Explainability Perspectives on a Vision Transformer: From Global Architecture to Single Neuron
Anne Marx - ETH Zurich, Zürich, Switzerland
Yumi Kim - Eth Zurich , Zürich, Switzerland
Luca Sichi - ETH Zürich, Zürich, Switzerland
Diego Arapovic - ETH Zürich, Zürich, Switzerland
Javier Sanguino Bautiste - ETH Zürich, Zürich, Switzerland. ETH Zürich, Zürich, Switzerland
Rita Sevastjanova - ETH, Zurich, Switzerland. ETH Zürich, Zürich, Switzerland
Mennatallah El-Assady - ETH Zurich, Zurich, Switzerland. ETH Zürich, Zürich, Switzerland
Room: Bayshore I
2024-10-13T12:30:00ZGMT-0600Change your timezone on the schedule page
2024-10-13T12:30:00Z
Full Video
Abstract
Transformers, initially designed for Natural Language Processing, have emerged as a strong alternative to Convolutional Neural Networks in Computer Vision. However, their interpretability remains challenging.

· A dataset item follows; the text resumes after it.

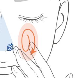 頬に塗るときは目尻の横に手を置き、頬の毛穴が目立たなくなるまで斜めに引き上げてから、「の」の字で下地をなじませましょう。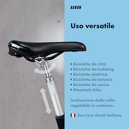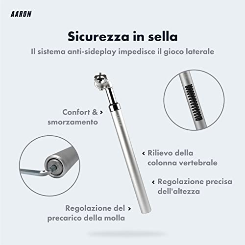 AARON Spring - Reggisella ammortizzato in Alluminio - Diametro 27,2 mm - Lunghezza 350 mm - per Bici elettrica, MTB, da Trekking, City Bike, ECC. - Argento

We overcome the limitations of earlier studies by offering interactive components, engaging the user in the exploration of the Vision Transformer (ViT). Furthermore, we offer various complementary explainability methods to challenge the insight they provide. Key contributions include: - Interactive analysis of the ViT architecture and explainability methods. - Identifying critical information from input images used for classification. - Investigating neuron activations at various depths to understand learned features. - Introducing an innovative adaptation of activation maximization for attention scores to trace attention head focus across network layers. - Highlighting the limitations of each method through occlusion-based interaction. Our findings include that ViTs tend to generalize well by relying on a broad set of object features and contexts seen in the input image. Furthermore, the focus of neurons and attention heads shifts to more complex patterns at deeper layers. We also acknowledge that we cannot rely on a single explainability method to understand the decision-making process of transformers. Our blog post provides an engaging and multi-facetted interpretation of the ViT to the readers by combining interactivity with key research questions.